The problem: Copy all the entries below exactly, but not the pictures.

────────────────

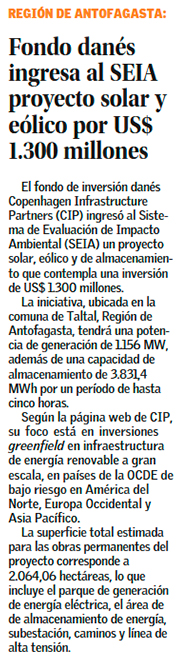 Firma danesa presenta a evaluación megaproyecto solar y eólico en Taltal - (El Mercurio de Antofagasta)
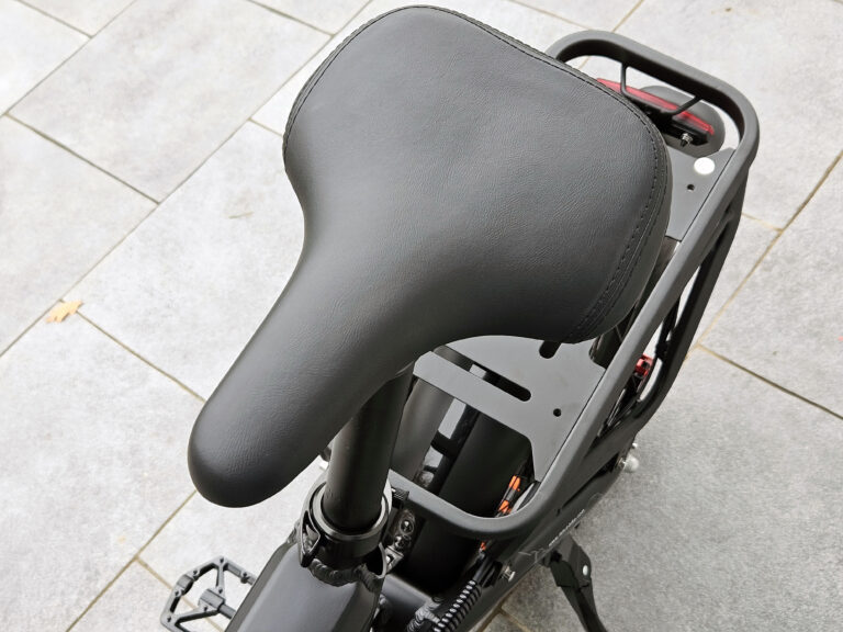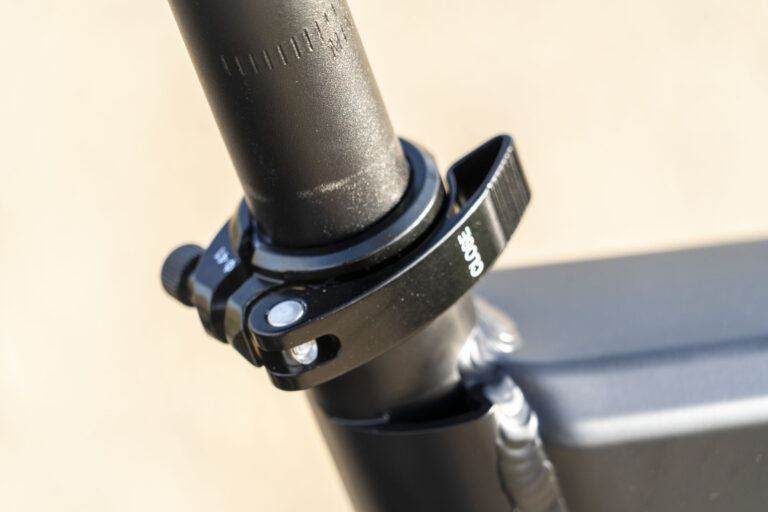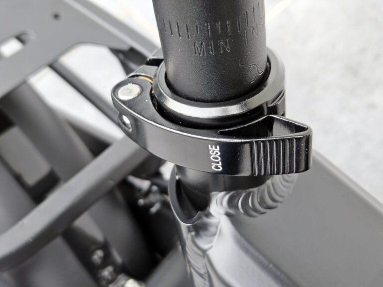 La selle se monte très facilement, il suffit d'ouvrir le verrou au niveau du tube, insérer la selle et ensuite resserrer le verrou. Il y a un indicateur "min" pour indiquer jusqu'au vous devez insérer la selle au minimum. Je ne peux malheureusement pas respecter cette indication car avec ma taille je suis obligé de dépasser la limite minimale de quelques centimètres sans quoi j'ai les jambes complètement pliées. Je reviendrais sur ce point plus tard dans le test car pour les personnes de grande taille, cela pourrait poser un problème.
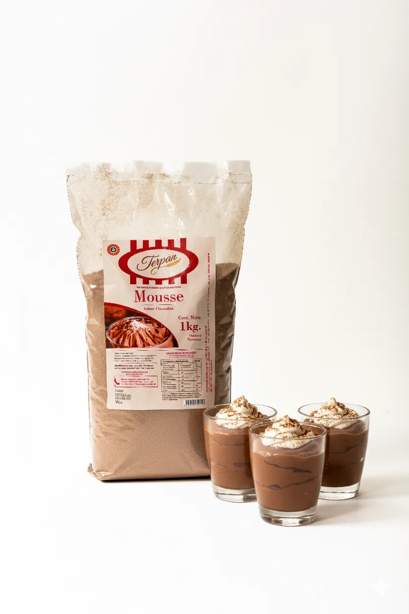 Pre mezcla en polvo para preparar mousse sabor chocolate. Presentación en 1 kg.
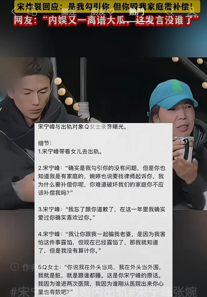 當時的我就覺得男生也有問題,果然2026年宋寧峰被爆外遇,印證我的判斷:
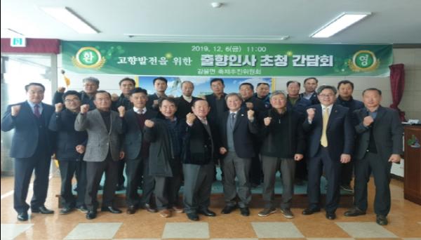 충북 괴산군 감물면(면장 이규서)은 6일 출향인사를 초청해 간담회를 갖고, 고향 발전을 위한 다양한 의견을 나눴다고 밝혔다.
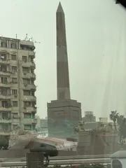 ラムセス2世のオベリスク サニス(タニス)から移設されたラムセス2世のオベリスクで、その周囲をカルナック神殿から運ばれた4体の雄羊の頭を持つスフィンクスが囲んでいます。背後に見えている建物は、広場に面したアパートやオフィスビルです。この広場は、エジプト博物館のすぐ近くに位置しています。

────────────────

Response box:
 Firma danesa presenta a evaluación megaproyecto solar y eólico en Taltal - (El Mercurio de Antofagasta)
 La selle se monte très facilement, il suffit d'ouvrir le verrou au niveau du tube, insérer la selle et ensuite resserrer le verrou. Il y a un indicateur "min" pour indiquer jusqu'au vous devez insérer la selle au minimum. Je ne peux malheureusement pas respecter cette indication car avec ma taille je suis obligé de dépasser la limite minimale de quelques centimètres sans quoi j'ai les jambes complètement pliées. Je reviendrais sur ce point plus tard dans le test car pour les personnes de grande taille, cela pourrait poser un problème.
 Pre mezcla en polvo para preparar mousse sabor chocolate. Presentación en 1 kg.
 當時的我就覺得男生也有問題,果然2026年宋寧峰被爆外遇,印證我的判斷:
 충북 괴산군 감물면(면장 이규서)은 6일 출향인사를 초청해 간담회를 갖고, 고향 발전을 위한 다양한 의견을 나눴다고 밝혔다.
 ラムセス2世のオベリスク サニス(タニス)から移設されたラムセス2世のオベリスクで、その周囲をカルナック神殿から運ばれた4体の雄羊の頭を持つスフィンクスが囲んでいます。背後に見えている建物は、広場に面したアパートやオフィスビルです。この広場は、エジプト博物館のすぐ近くに位置しています。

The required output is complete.